When fear was getting the best over me I opened to my girlfriends as well as Cristian friends what was happening. I was instructed by one of the Cristian pastors to eliminate witchcrafts stuff I have an burn them. All I did with my cards was tore each cards. The tarot books and stuff that had my highlight was torn till it's pieces is on one bag. All of the items was in one plastic and on one place.
I thought my life would be at peace not until one night, at the middle night. I could not sleep. I was holding my bible and fighting fear I was feeling. I felt that someone was on my window standing and matching left and right. I can hear the foot steps like someone was trying to communicate with me.
While I was trying to run away from witchcraft I always read the bible verse psalm 121 this comforted me during the days that fear would bother me. And run away from witchcraft is not that easy as I can see the graphics of each card as I close my eyes.
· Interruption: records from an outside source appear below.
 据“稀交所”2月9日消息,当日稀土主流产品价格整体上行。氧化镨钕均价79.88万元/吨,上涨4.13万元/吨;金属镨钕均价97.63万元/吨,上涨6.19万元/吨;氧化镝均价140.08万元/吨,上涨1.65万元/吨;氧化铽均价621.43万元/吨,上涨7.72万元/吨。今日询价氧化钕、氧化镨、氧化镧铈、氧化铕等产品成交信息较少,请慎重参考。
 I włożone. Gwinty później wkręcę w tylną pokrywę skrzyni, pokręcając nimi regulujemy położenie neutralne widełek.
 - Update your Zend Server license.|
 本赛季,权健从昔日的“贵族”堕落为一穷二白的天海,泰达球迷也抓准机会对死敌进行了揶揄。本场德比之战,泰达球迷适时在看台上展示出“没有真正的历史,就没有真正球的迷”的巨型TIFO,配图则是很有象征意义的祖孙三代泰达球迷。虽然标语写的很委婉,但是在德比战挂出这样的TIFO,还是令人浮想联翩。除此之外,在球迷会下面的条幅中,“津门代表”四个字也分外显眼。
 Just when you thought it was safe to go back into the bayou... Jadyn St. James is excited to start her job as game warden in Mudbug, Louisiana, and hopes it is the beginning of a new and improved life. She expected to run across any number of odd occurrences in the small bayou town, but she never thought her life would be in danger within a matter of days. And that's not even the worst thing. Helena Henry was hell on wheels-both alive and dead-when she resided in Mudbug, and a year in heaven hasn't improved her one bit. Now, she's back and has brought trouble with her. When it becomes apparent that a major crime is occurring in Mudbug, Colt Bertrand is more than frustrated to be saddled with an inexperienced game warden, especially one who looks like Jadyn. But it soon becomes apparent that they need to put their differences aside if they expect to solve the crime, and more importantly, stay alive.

Witchcraft is the playground of the devil and each cards that I studied took too long to get out of my system. I would try to pray yet the devil card would show in my mind. Which is very scary. When I turned away from witchcraft and asked sorry and forgiveness from God.
It only took one month for me to recover from the dark nightmare and experience that I encountered. I no longer get scared and peace was restored. I can sleep at night and day. I no longer feel each noise while sleeping.
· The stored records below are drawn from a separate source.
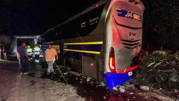 Se registró un accidente en la carretera 122 La LLave – La Estancia, a la altura del kilómetro uno, en el municipio de San Juan del Río, dónde un autobús aparentemente perdió el control y se impacta.
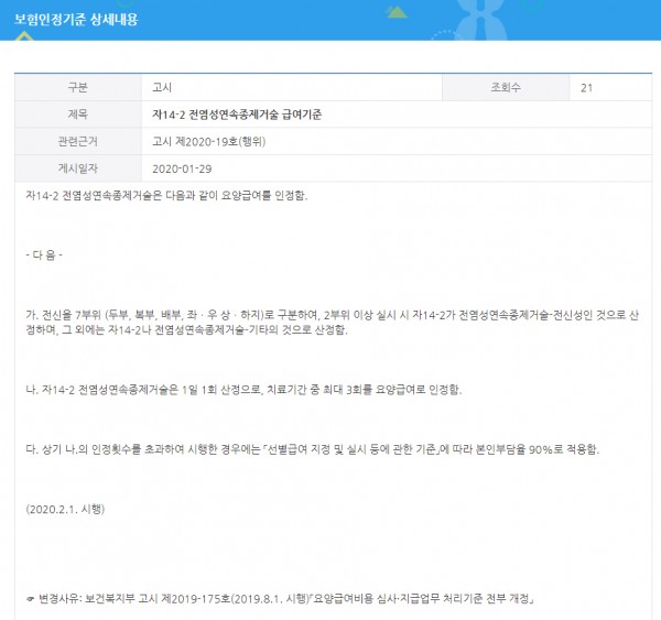 2020년 2월 1일부터 전염성연속종 제거술 급여기준 변경이 되었습니다.
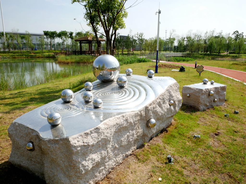 作品將不銹鋼鍛造成波瀾的水面與石頭巧妙結合,點點飛珠水濺,寓意知識的積累猶如雨滴匯聚成河,匯入大海。暗示學子兼收并蓄、博觀約取,厚積薄發、掛帆滄海。
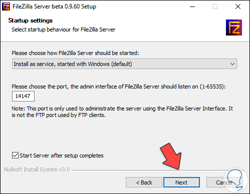 En la siguiente ventana es posible definir el puerto a usar (recomendamos dejar el puerto por defecto) y establecer si FileZilla se iniciara como un servicio del sistema:
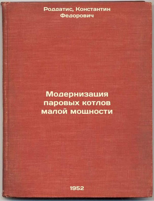 "Short description: In Russian. Roddatis, Konstantin Fedorovich. Modernization of small-capacity steam boilers. Moscow; Leningrad: Gosenergoizdat, 1952. Modernizatsiya parovykh kotlov maloy moshchnosti. In Russian /Modernization of small-capacity steam boilers . The image is provided for reference only. It may reflect condition of one of the available copies or only help in identifying the edition. Please feel free to contact us for a detailed description of the copies available. SKU6005249"
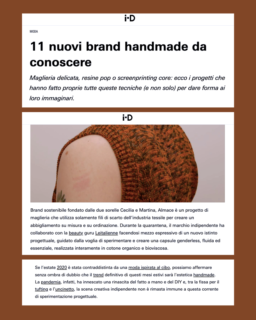 Maglia, ma anche crochet e uncinetto: sono queste le caratteristiche di una serie tutta nuova di brand artigianali, sostenibili e spesso handmade che si sono fatti strada tramite i social promuovendo una nuova idea di moda e rivoluzionando il fashion system.
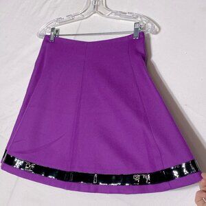 Great vintage condition. One super tiny light coloured dot on right chest area and one tiny pull on right shoulder blade area. There’s also another super tiny pull shown in pics but after searching for it to describe here, I couldn’t find it again. No other signs of wear. Super cute set. Bright purple with black patent leather trim. Size 44, see measurements in pics.

" One day I was scared to death that even my small heart cannot handle it, with cries and knees on the floor. I exchange fear for God's peace. And God heard me and the rest was back to normal.
Ps.. Ignorance of the whole bible and law of God was the reason I was troubled before. When everything was settled, I told myself that I would never bow down to new age ideas nor watch horror movies
This is my experience, believe it or not. May God guide us everyday....
Editors Note : yes I was a Cristian before the lockdown. But to be honest I was still believing on new age. I guess nobody is perfect unless you experience something that would change you. I am also not perfect. It was late of the year since I read the whole bible cover to cover and vowed myself to be a student and geek of the word.